Les Rêves Canadiens


May, Rollo. The Courage to Create. Toronto: McLeod, 1975.
I have seen this book over the years in the stacks of various yard-sales and flea-markets. I had always thought it to be one of those horribly pedantic tomes written by some insipid, intellectual masturbator. I was wrong, but I am tempted to sleep with this book under my pillow, and hug it before I go to sleep at night.
It is nice to have some one write that artists are on the periphery of society, and that even though we delve into chaos we are only trying to bring order to it and not just stirring up trouble. He has struck a cord within me when he points out that we are courageous when out there thrashing around in the abyss. I never feel brave when I'm at it, and my ego never has a chance to really gloat upon my successes, because they always seem so closely hinged with luck.
Now, luck is the creative act that transforms the uncertain into the real. Art in May's view is a work that embodies the tension of that process. It is important that it not just show the product of the resolve, but also show the turmoil of that resolve. The first creative act is the destruction of familiar form followed by the birth of a new solution, understanding, and reform columnating in a narrative visual description of the artist's fresh understanding of the subject.

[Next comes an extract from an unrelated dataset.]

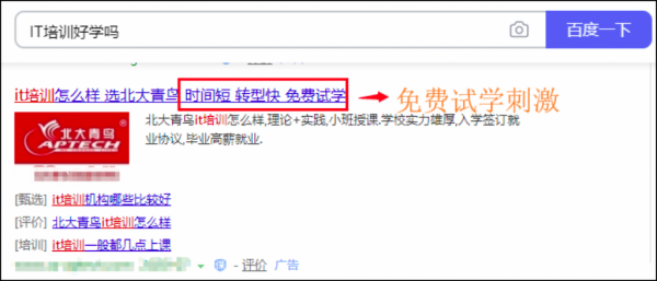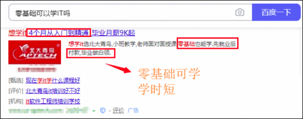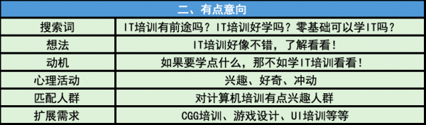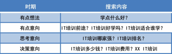 这个时候的网民大多已经有了需求,会有目标的区搜索,就觉得IT培训好像还不错啊,我要去搜索一下了解一下,这种时候各位SEMer需要考虑的是,用户会怎么搜,十日后一般会拓展性的做一些词,比如IT培训出来好找工作吗、IT培训前景怎么样、小白可以学懂IT吗,这类词会再一次加深用户的需求。

As artists, we relate to the subject to such a depth that the image is more than skin deep and carries over to the canvas. In some of the sighted examples, May speaks of how artists actually relate to the canvas as a human being. They talk, swear, and passionately embrace the work in the similar way in which we relate during love making. We merge and withdraw, blend and crystalize, give and take, become the other and retreat into ourselves, trust and doubt. This is the agony of an artist, to be constantly caught between these dichotomies until the final auh-ah!
Every sensitivity is acutely excited in the process. Our relationships, personal and societal and political, become part of the work; and the work becomes part of all we sense. The image of the solitary artist in her garret is as foolish as thinking that the trivial scribblings of the artist have no impact on the world at large.
This is the way it is with the recovered neurotic too; he/she must strip the form of the image to its component parts and then build a new image without loosing sight of the over-all process and her/his relationship to it.
So I'll hug this Teddy Bear of a book one last time, one last sup of the mother's cold comfort, "we are not COMPLETELY alone." Now, it is back to that wonderful mystery and misery in my studio.